*Dataset items:*
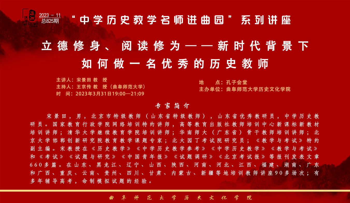 洙泗讲堂预告|宋景田:立德修身、阅读修为——新时代背景下如何做一名优秀的历史教师
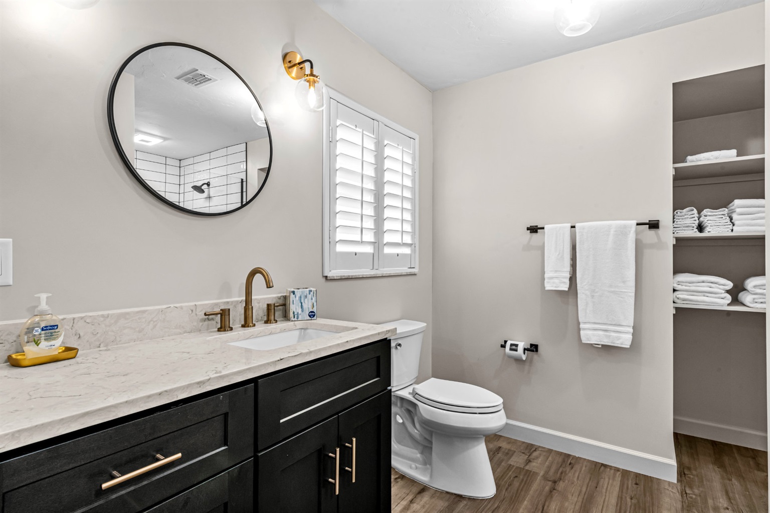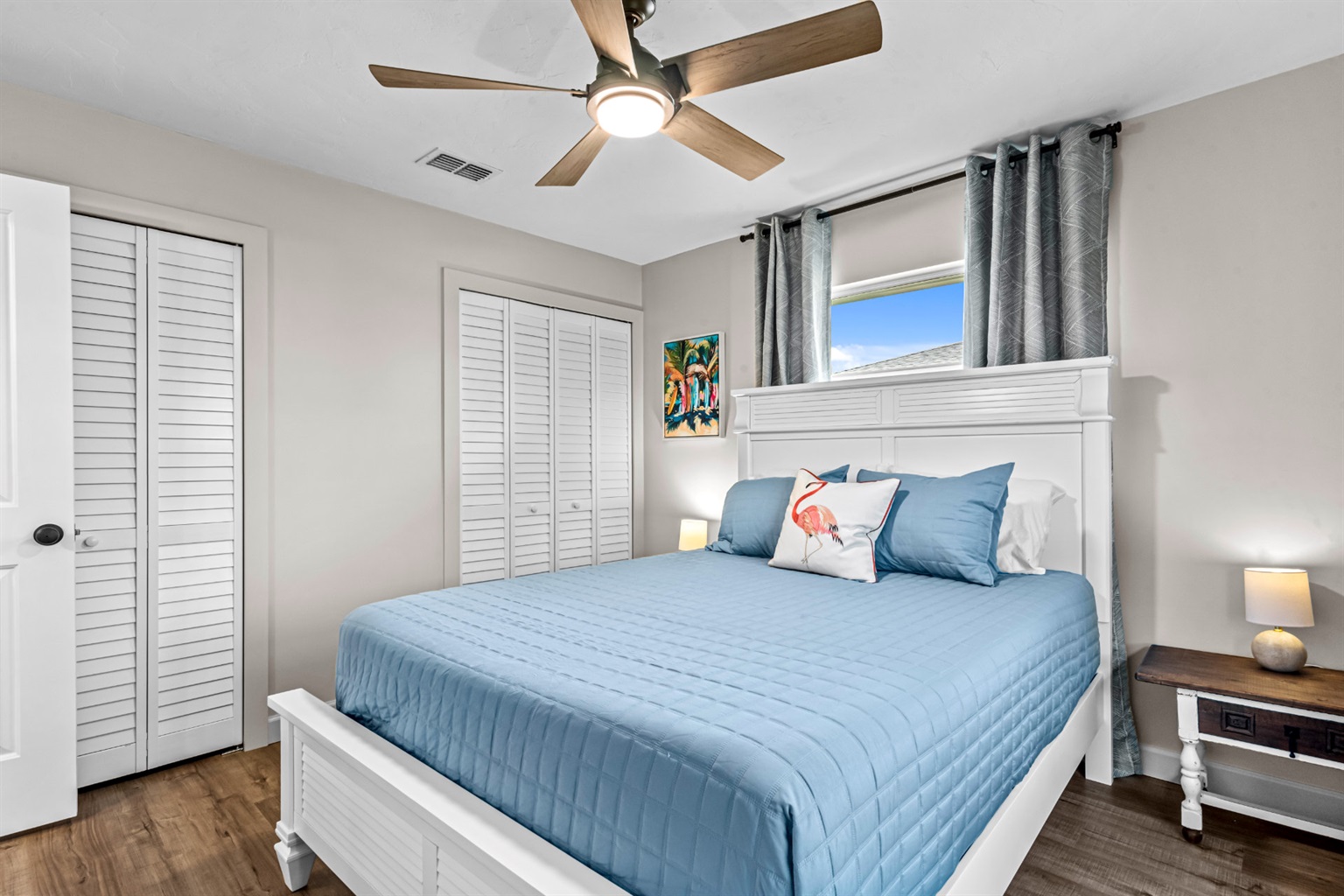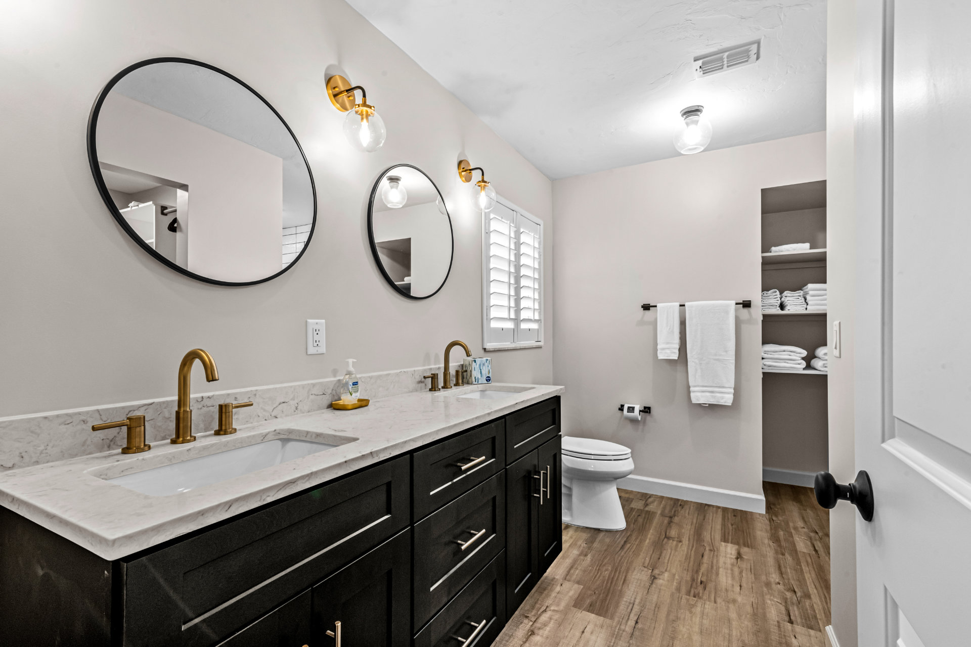Layout: This wide open, split layout offers a great room with comfy seating, large marble island and dining table that seats 6. The master bedroom offers a plush king sized bed, soft linens, walk-in closet and a full ensuite bathroom. The guest suites are nestled into their own little section, right off of the dining area and have comfy queen sized beds and soft linens with a full bathroom tucked between them. Right off the kitchen you’ll find the laundry room and garage.
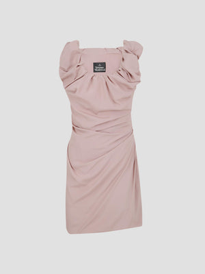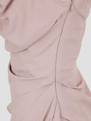 This silk draped mini dress features an off-the-shoulder square neckline with fluid draping and an internal corset for a structured, cinched fit. The soft silk fabric is artfully gathered at the hips to create a distorted silhouette.
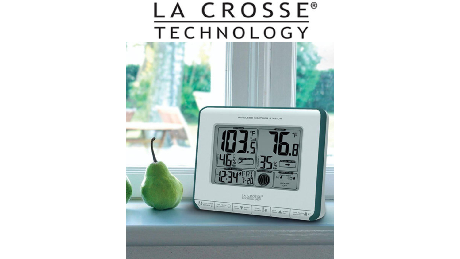 Your ultimate weather companion is here! The La Crosse Wireless Weather Station gives you access to accurate backyard weather updates as well as information about the day, time clock, and lunar phases. It lets you set alerts for temperature changes and enjoy bonus features like a digital time and date with snooze alarm, and moon phase. Furthermore, its 100m wireless range makes staying informed effortless.
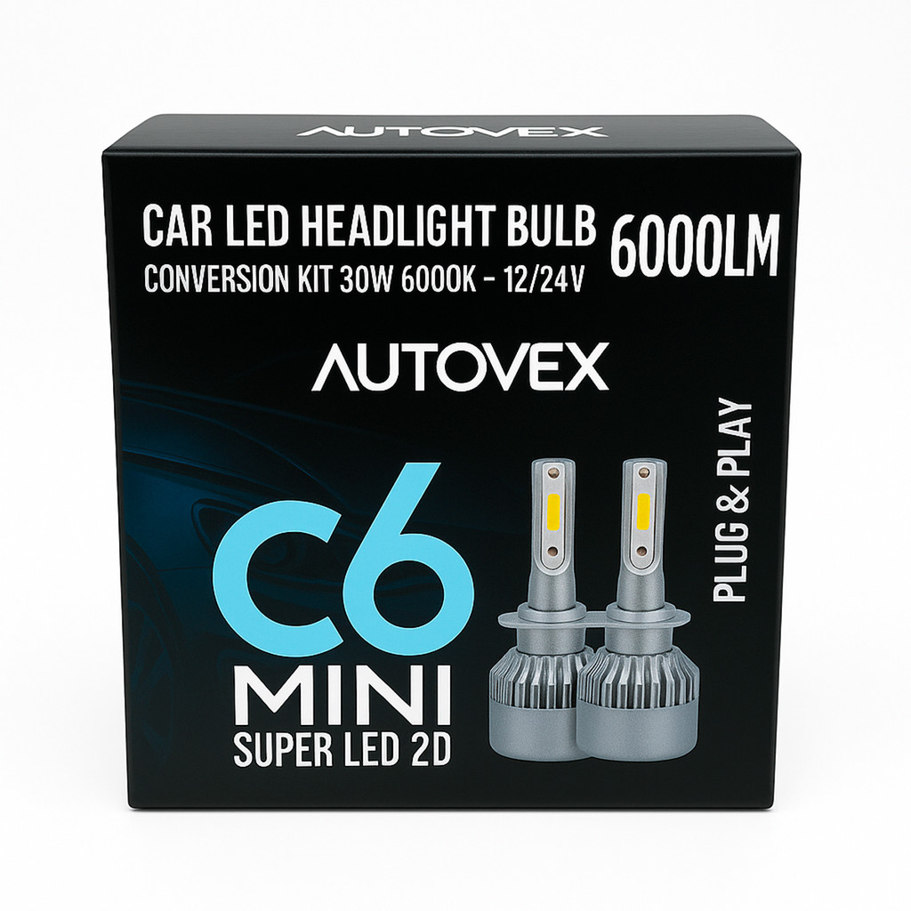 Kit Super LED C6 Mini H3 Potência Brilho com Tecnologia Avançada Iluminação 6000K 12V/24V - Autovex

*Activity:* Your copy of the data should match it exactly, apart from the images, which are omitted.

*Solution to this problem:*
 洙泗讲堂预告|宋景田:立德修身、阅读修为——新时代背景下如何做一名优秀的历史教师
Layout: This wide open, split layout offers a great room with comfy seating, large marble island and dining table that seats 6. The master bedroom offers a plush king sized bed, soft linens, walk-in closet and a full ensuite bathroom. The guest suites are nestled into their own little section, right off of the dining area and have comfy queen sized beds and soft linens with a full bathroom tucked between them. Right off the kitchen you’ll find the laundry room and garage.
 This silk draped mini dress features an off-the-shoulder square neckline with fluid draping and an internal corset for a structured, cinched fit. The soft silk fabric is artfully gathered at the hips to create a distorted silhouette.
 Your ultimate weather companion is here! The La Crosse Wireless Weather Station gives you access to accurate backyard weather updates as well as information about the day, time clock, and lunar phases. It lets you set alerts for temperature changes and enjoy bonus features like a digital time and date with snooze alarm, and moon phase. Furthermore, its 100m wireless range makes staying informed effortless.
 Kit Super LED C6 Mini H3 Potência Brilho com Tecnologia Avançada Iluminação 6000K 12V/24V - Autovex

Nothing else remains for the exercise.